## Your objective
Exact copy, no pictures: return only the lines below from the line with "DESCRIPTION - Runway" up to and including the line with "I don't wait".

*** Records for this exercise ***

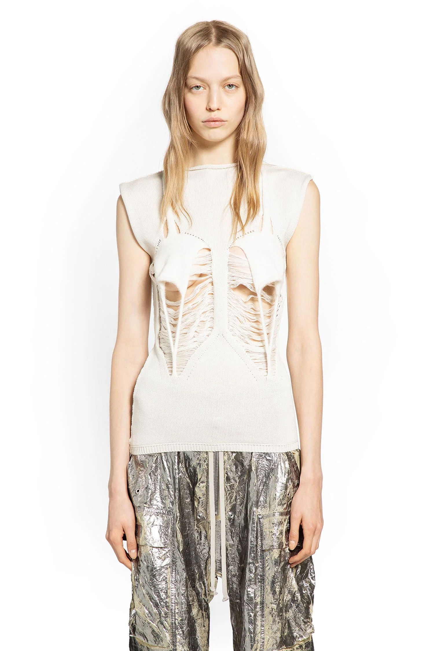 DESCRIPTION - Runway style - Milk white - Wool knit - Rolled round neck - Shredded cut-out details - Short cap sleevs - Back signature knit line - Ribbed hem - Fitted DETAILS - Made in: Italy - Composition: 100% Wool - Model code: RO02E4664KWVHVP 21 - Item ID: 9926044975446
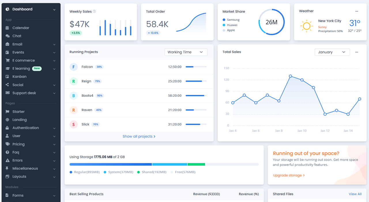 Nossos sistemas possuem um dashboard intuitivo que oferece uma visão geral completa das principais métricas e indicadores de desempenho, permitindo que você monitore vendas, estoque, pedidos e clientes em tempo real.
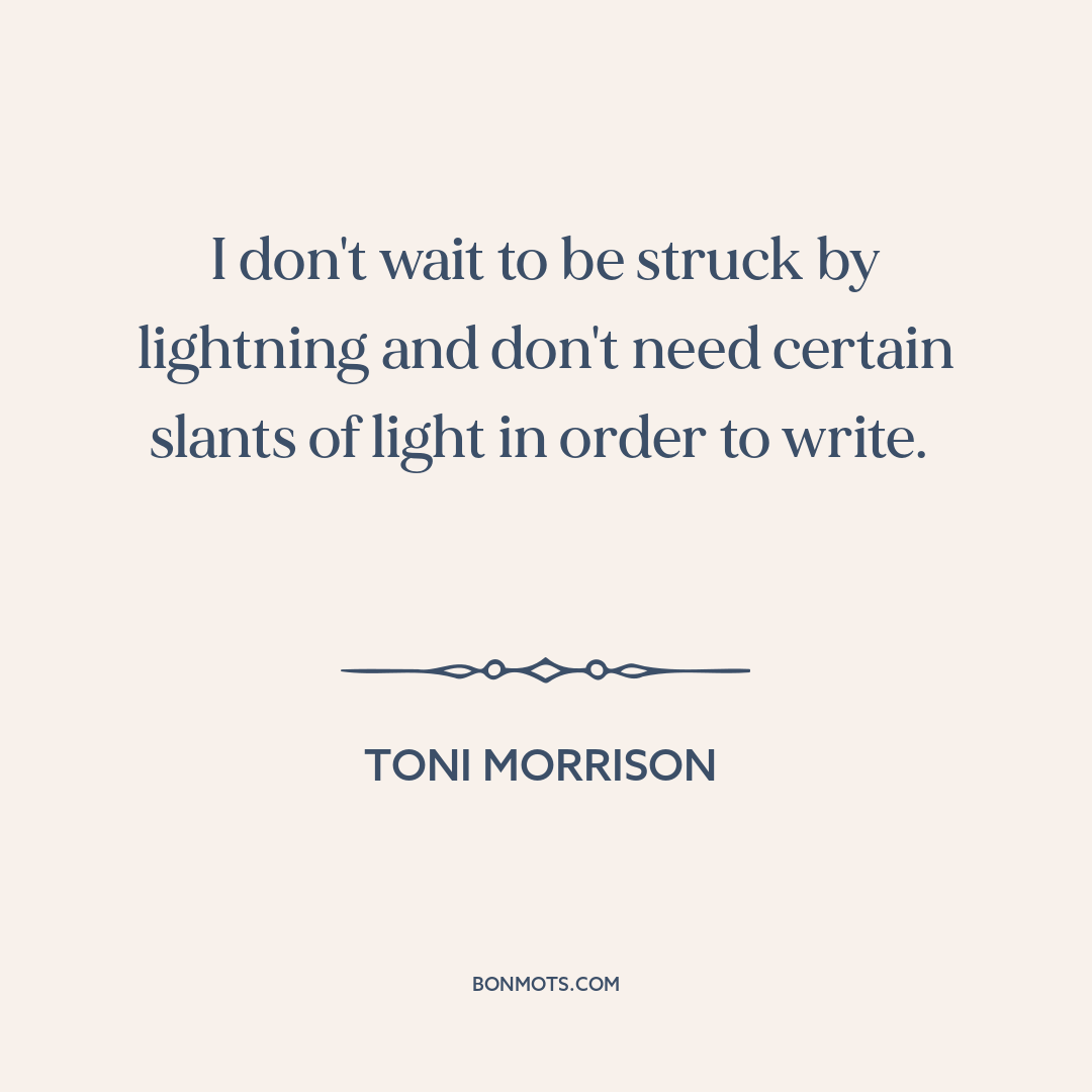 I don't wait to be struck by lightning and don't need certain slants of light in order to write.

*** End of Records for this exercise ***
*** Records for this exercise ***

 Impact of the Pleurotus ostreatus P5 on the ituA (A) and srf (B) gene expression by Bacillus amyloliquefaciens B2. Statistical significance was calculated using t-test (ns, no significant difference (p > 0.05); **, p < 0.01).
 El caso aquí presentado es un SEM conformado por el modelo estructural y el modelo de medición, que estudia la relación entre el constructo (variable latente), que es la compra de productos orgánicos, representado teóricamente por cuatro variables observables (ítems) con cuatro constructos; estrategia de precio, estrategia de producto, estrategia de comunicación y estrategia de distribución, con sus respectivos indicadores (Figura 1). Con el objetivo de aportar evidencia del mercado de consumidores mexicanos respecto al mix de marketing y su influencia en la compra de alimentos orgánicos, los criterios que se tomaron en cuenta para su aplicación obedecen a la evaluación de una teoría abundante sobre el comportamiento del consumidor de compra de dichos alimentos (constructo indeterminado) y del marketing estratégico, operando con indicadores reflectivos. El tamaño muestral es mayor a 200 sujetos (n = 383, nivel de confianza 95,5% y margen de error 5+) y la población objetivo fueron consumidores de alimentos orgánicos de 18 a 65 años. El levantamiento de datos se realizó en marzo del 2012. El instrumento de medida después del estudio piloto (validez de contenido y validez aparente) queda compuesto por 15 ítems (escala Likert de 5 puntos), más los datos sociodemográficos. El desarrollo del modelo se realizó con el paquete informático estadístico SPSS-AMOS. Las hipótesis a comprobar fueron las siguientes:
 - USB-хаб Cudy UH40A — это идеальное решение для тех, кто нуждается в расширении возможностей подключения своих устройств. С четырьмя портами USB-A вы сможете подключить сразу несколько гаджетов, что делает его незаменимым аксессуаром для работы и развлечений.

*** End of Records for this exercise ***
*** Records for this exercise ***

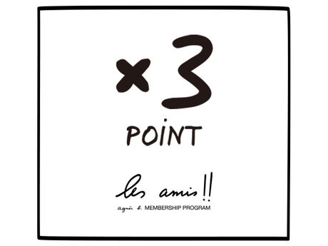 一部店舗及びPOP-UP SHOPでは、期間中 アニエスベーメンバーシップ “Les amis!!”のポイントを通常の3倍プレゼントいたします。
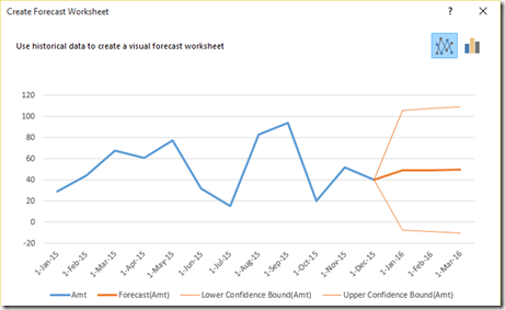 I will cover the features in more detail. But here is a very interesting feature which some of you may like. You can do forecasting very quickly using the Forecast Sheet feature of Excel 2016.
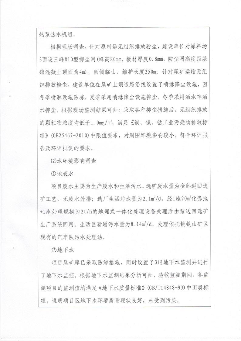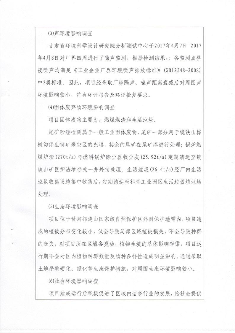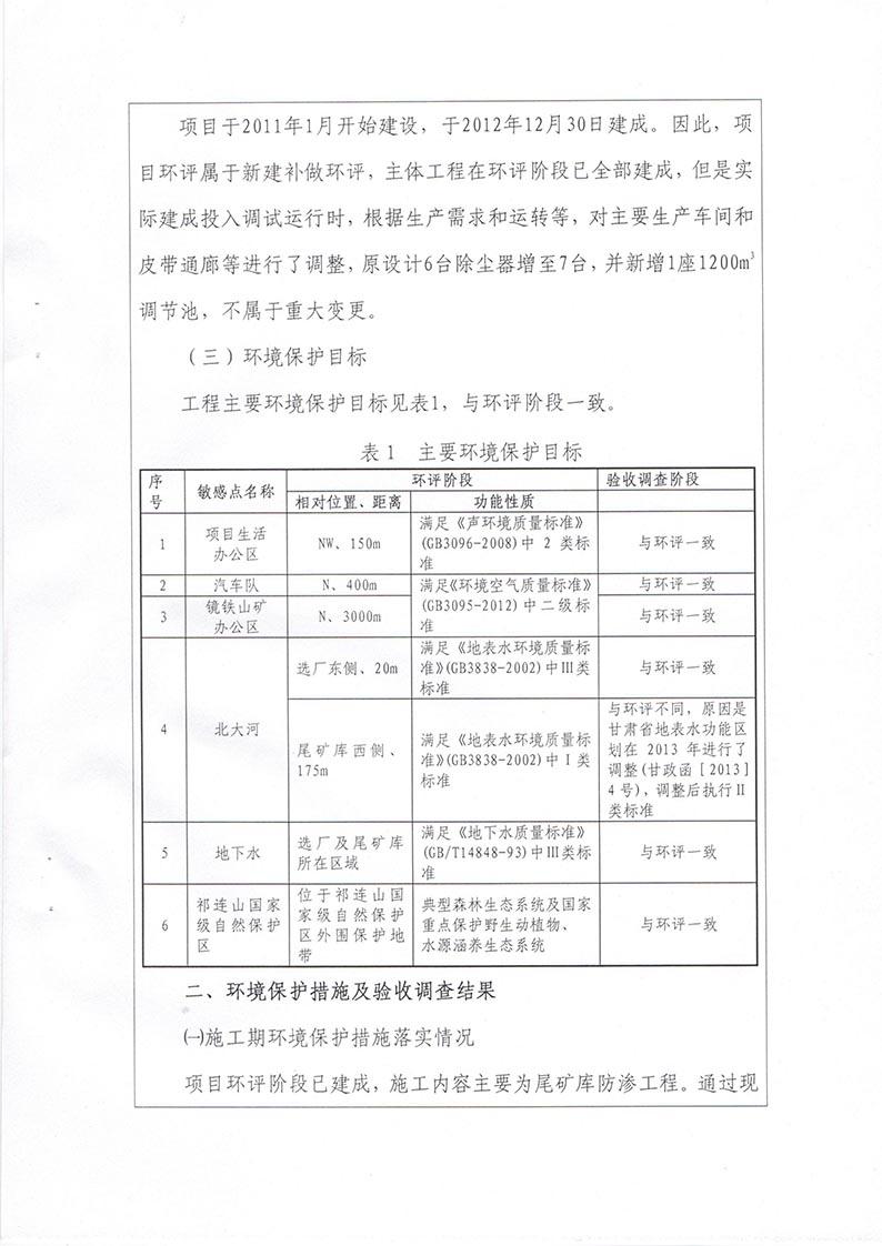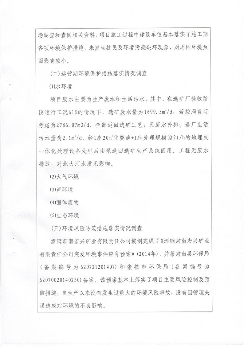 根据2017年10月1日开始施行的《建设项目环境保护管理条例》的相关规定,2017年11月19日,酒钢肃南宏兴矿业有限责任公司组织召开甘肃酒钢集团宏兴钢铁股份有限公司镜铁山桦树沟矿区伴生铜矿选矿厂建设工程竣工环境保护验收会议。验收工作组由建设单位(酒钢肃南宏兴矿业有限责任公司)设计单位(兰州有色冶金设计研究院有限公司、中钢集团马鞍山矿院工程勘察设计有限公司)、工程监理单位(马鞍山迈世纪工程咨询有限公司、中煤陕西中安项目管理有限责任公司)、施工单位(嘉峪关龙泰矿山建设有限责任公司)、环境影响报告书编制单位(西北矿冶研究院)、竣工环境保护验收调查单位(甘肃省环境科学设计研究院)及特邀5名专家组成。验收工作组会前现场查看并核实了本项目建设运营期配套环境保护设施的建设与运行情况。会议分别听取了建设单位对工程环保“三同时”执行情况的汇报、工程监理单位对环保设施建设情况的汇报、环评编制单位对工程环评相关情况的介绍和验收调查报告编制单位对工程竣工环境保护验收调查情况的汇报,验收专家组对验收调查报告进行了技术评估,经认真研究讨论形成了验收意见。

*** End of Records for this exercise ***

## Exercise output
 DESCRIPTION - Runway style - Milk white - Wool knit - Rolled round neck - Shredded cut-out details - Short cap sleevs - Back signature knit line - Ribbed hem - Fitted DETAILS - Made in: Italy - Composition: 100% Wool - Model code: RO02E4664KWVHVP 21 - Item ID: 9926044975446
 Nossos sistemas possuem um dashboard intuitivo que oferece uma visão geral completa das principais métricas e indicadores de desempenho, permitindo que você monitore vendas, estoque, pedidos e clientes em tempo real.
 I don't wait to be struck by lightning and don't need certain slants of light in order to write.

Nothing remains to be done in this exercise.